» Task item:
Wherever a picture appears in the listing below, leave it out and reproduce the rest exactly.

» Data:
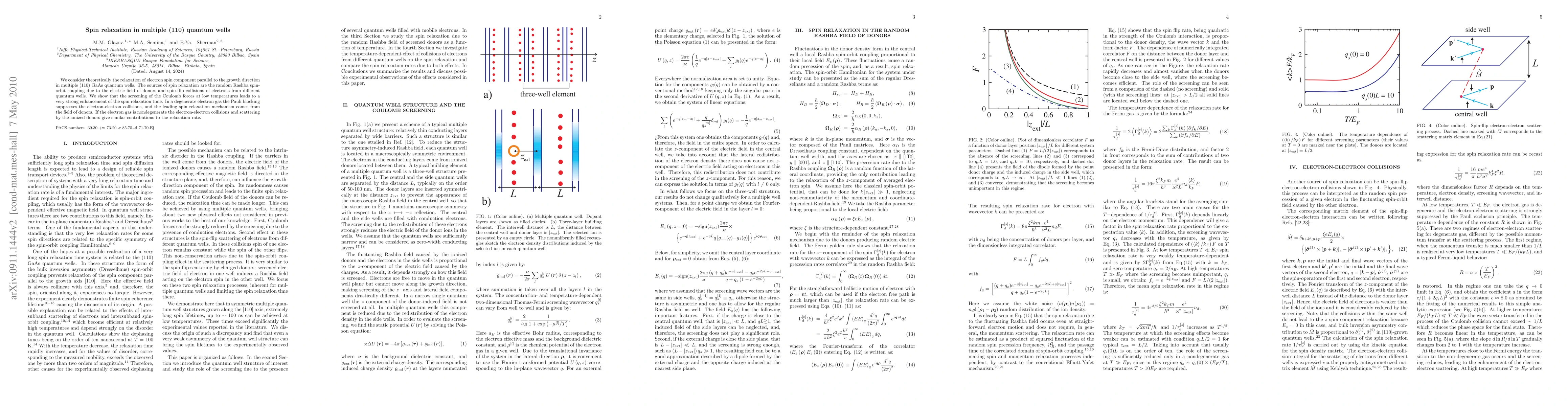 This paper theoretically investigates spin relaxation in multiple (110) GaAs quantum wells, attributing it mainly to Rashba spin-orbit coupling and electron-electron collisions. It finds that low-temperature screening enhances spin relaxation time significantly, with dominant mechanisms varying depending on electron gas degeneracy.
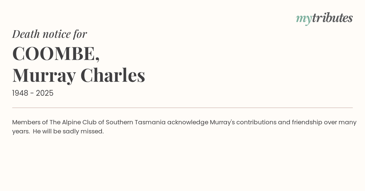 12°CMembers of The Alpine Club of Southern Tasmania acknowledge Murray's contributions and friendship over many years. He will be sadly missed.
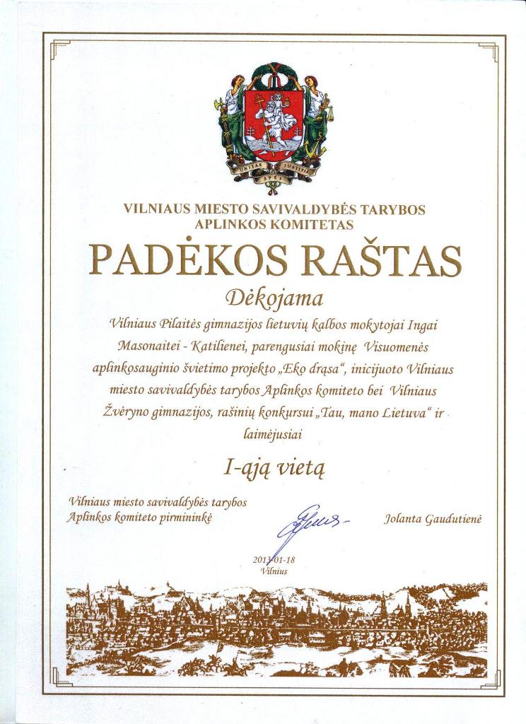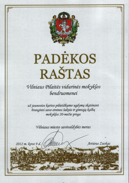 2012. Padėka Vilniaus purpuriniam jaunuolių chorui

» Exercise response:
 This paper theoretically investigates spin relaxation in multiple (110) GaAs quantum wells, attributing it mainly to Rashba spin-orbit coupling and electron-electron collisions. It finds that low-temperature screening enhances spin relaxation time significantly, with dominant mechanisms varying depending on electron gas degeneracy.
 12°CMembers of The Alpine Club of Southern Tasmania acknowledge Murray's contributions and friendship over many years. He will be sadly missed.
 2012. Padėka Vilniaus purpuriniam jaunuolių chorui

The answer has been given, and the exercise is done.